- Assignment -
Omit all images, then repeat exactly the lines below from the one containing "津山駅からは徒歩30分くらい" through the one containing "Fialová svíčka s", both ends included.

- Given data -
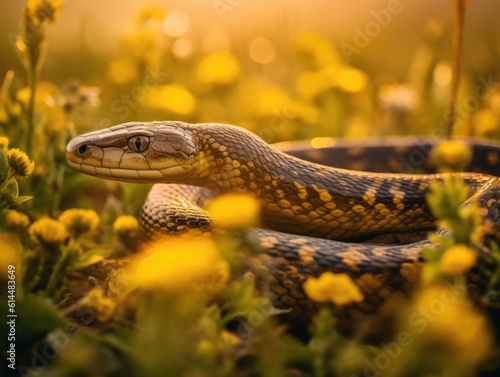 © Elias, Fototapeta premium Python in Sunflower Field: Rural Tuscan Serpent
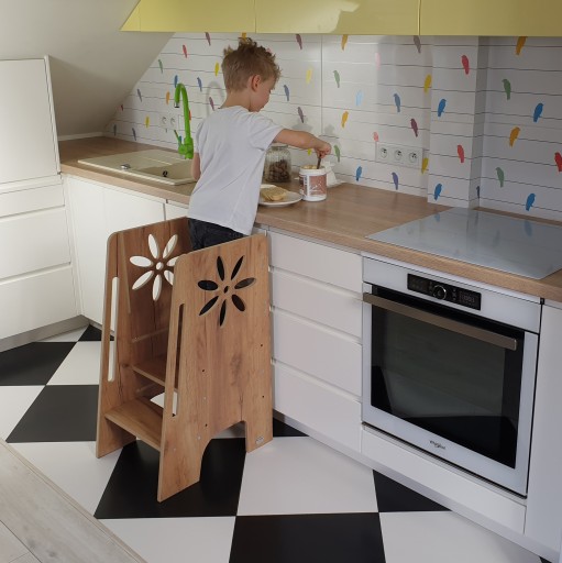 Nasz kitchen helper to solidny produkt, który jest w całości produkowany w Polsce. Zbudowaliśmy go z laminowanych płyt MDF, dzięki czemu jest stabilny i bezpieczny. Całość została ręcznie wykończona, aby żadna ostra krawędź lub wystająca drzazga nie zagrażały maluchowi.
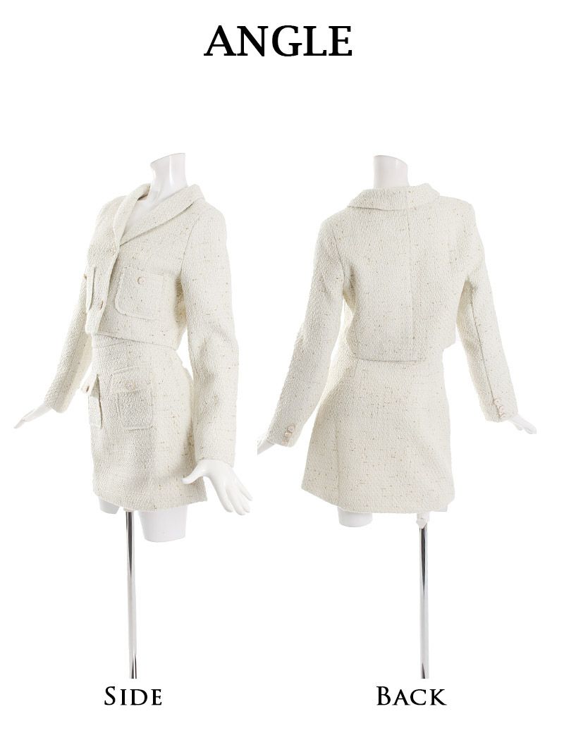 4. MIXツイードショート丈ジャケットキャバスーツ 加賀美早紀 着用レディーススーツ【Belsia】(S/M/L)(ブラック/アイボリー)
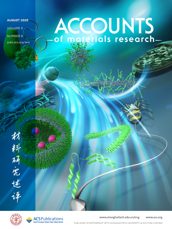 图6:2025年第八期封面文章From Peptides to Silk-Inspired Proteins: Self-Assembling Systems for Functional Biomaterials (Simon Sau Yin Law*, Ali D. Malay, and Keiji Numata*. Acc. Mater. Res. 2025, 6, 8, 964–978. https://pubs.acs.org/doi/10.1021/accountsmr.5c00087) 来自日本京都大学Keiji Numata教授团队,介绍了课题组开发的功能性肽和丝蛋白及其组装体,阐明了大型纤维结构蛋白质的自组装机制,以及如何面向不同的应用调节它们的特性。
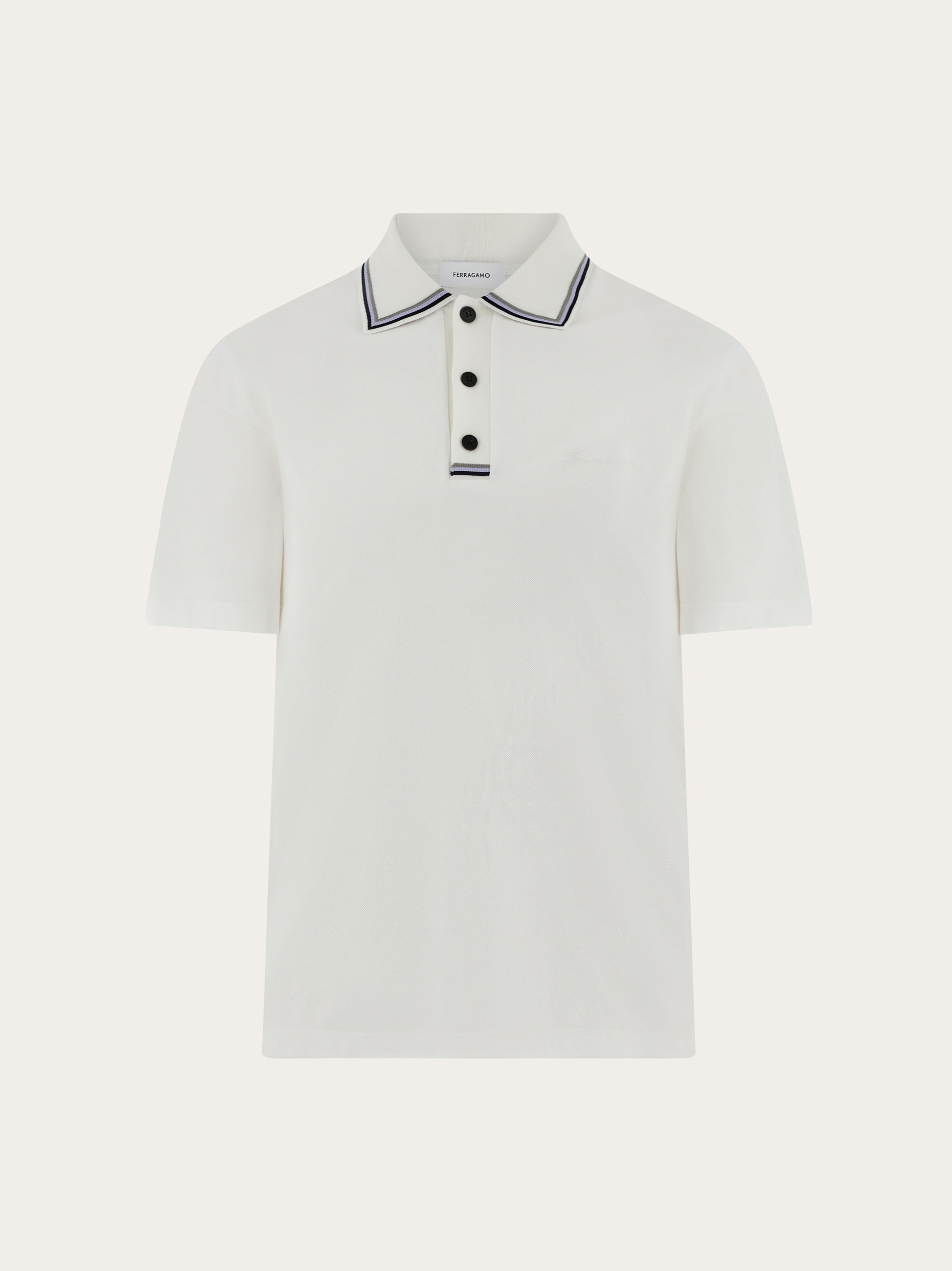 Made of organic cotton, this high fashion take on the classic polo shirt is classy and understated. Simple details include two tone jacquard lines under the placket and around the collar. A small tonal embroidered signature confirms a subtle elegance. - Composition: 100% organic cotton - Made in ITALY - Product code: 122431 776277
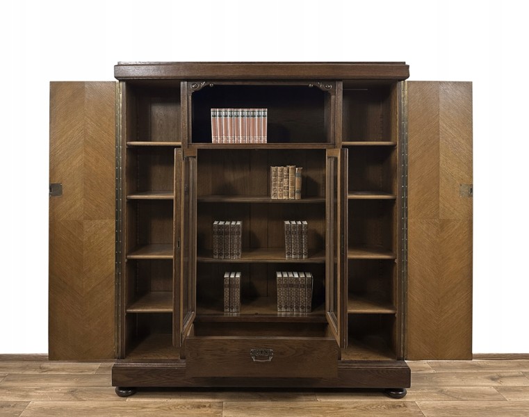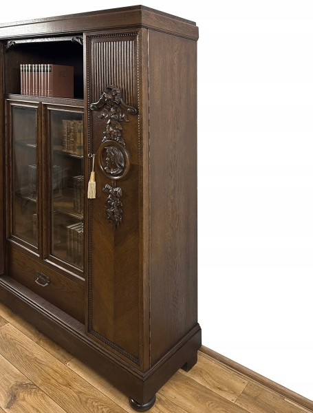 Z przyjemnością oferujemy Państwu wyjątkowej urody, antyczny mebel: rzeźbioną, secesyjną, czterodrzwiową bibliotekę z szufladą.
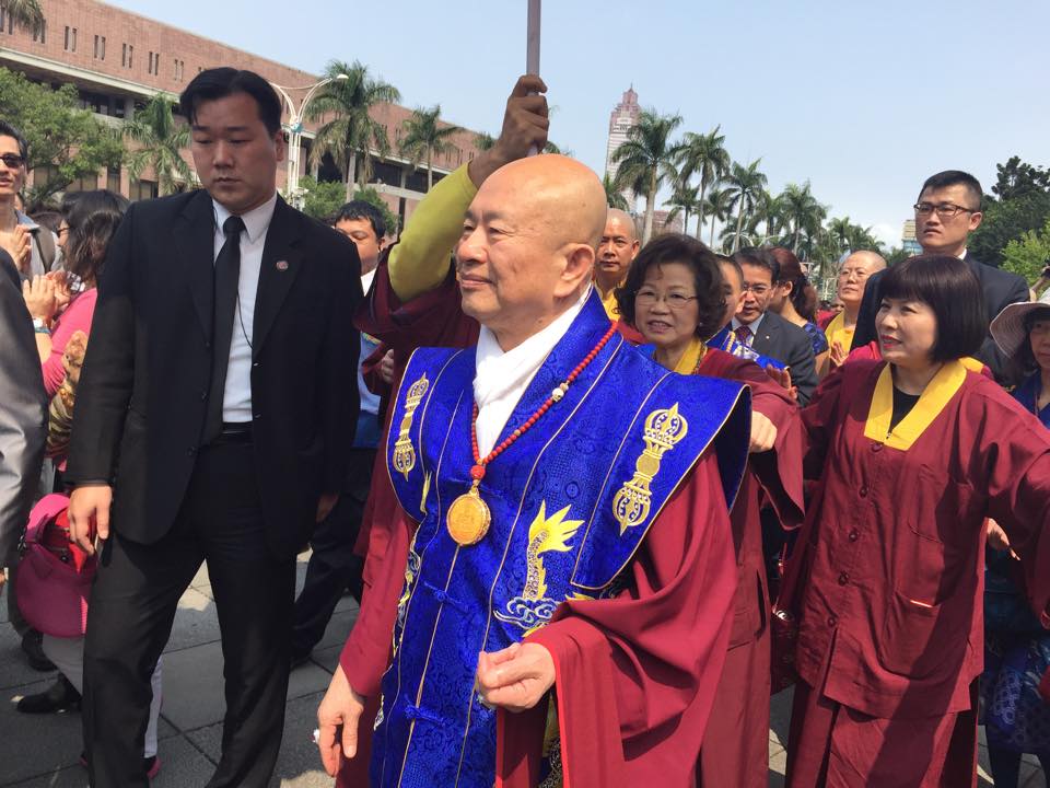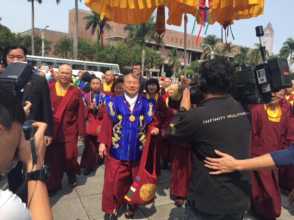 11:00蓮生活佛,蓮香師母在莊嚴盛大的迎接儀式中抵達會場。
---
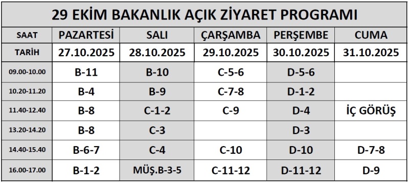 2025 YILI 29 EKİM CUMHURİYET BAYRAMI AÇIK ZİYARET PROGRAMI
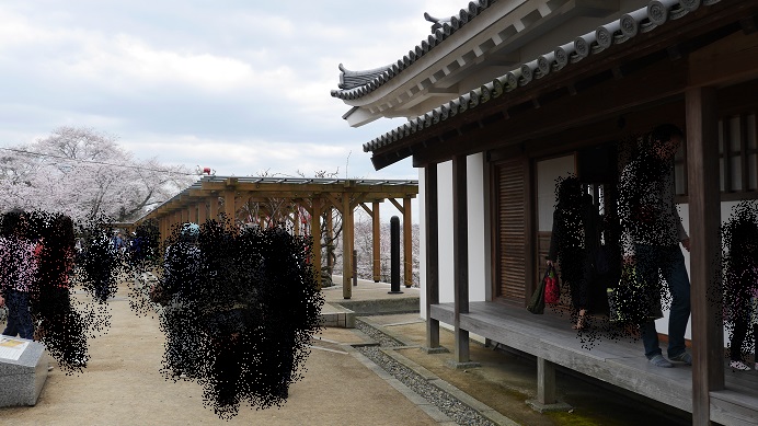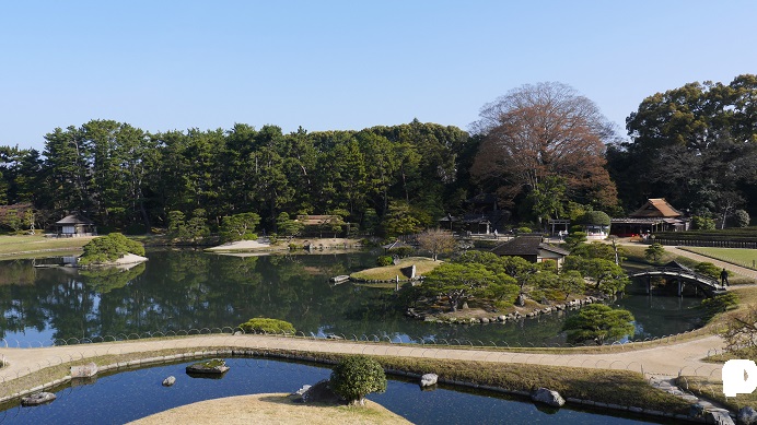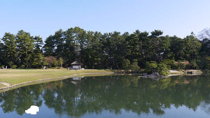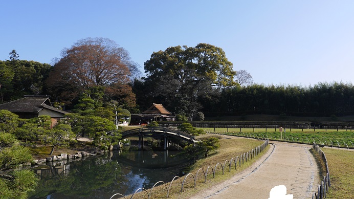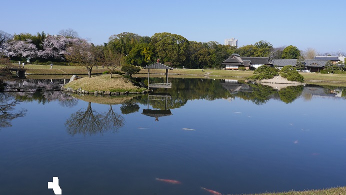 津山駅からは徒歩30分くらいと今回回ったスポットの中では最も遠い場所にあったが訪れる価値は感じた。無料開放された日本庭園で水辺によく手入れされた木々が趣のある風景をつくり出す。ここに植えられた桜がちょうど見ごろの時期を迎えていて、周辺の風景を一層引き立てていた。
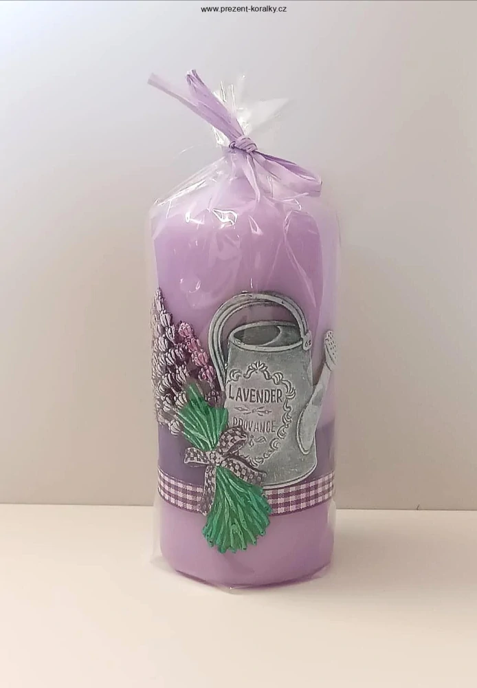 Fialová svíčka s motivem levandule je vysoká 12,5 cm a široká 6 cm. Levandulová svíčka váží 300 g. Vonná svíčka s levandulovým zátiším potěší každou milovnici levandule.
---
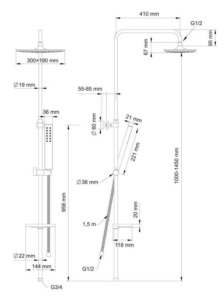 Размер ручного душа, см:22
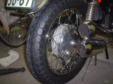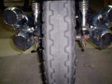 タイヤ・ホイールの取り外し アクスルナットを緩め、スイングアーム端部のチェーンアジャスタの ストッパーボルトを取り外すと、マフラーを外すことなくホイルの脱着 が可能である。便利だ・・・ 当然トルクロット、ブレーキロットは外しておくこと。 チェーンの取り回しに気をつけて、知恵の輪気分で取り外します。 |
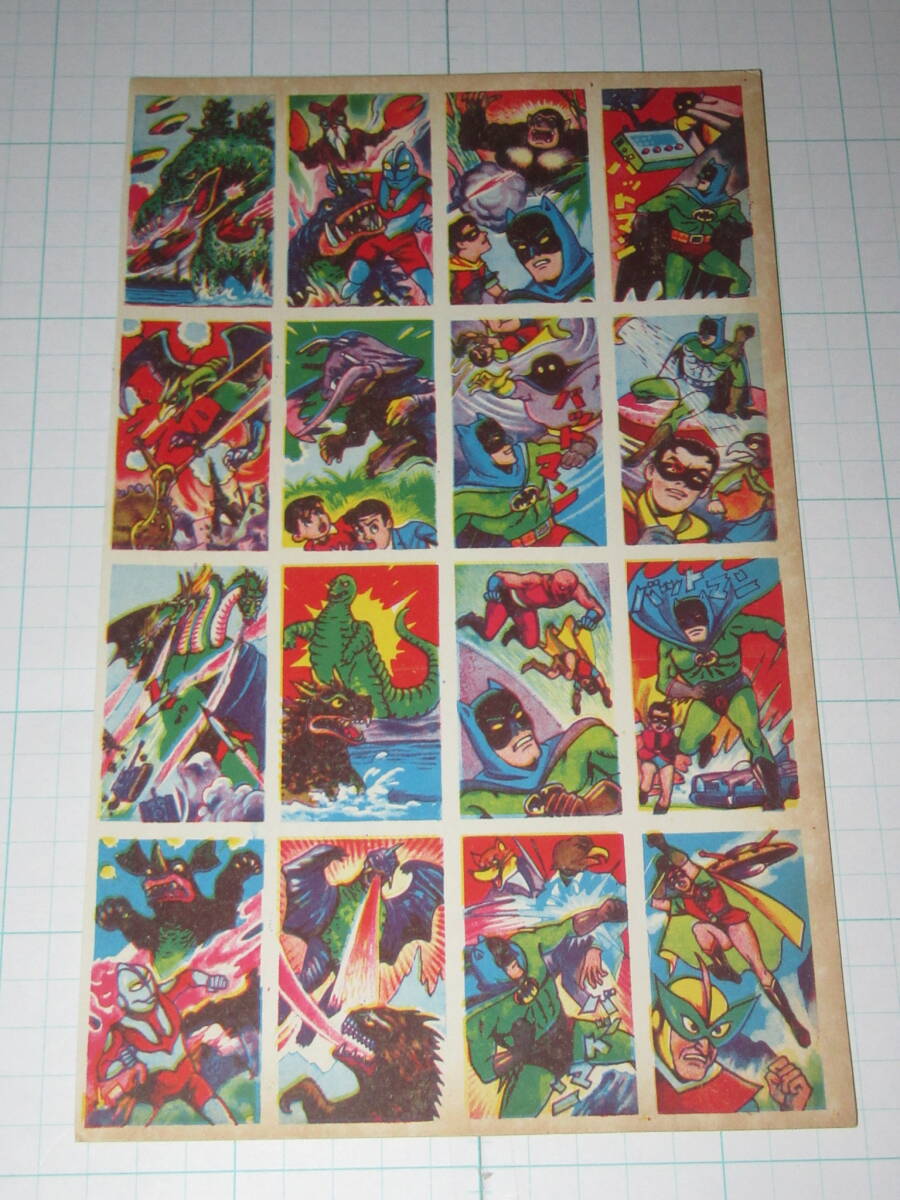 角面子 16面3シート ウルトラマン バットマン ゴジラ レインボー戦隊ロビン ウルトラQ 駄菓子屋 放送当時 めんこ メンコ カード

- Task output -
 津山駅からは徒歩30分くらいと今回回ったスポットの中では最も遠い場所にあったが訪れる価値は感じた。無料開放された日本庭園で水辺によく手入れされた木々が趣のある風景をつくり出す。ここに植えられた桜がちょうど見ごろの時期を迎えていて、周辺の風景を一層引き立てていた。
 Fialová svíčka s motivem levandule je vysoká 12,5 cm a široká 6 cm. Levandulová svíčka váží 300 g. Vonná svíčka s levandulovým zátiším potěší každou milovnici levandule.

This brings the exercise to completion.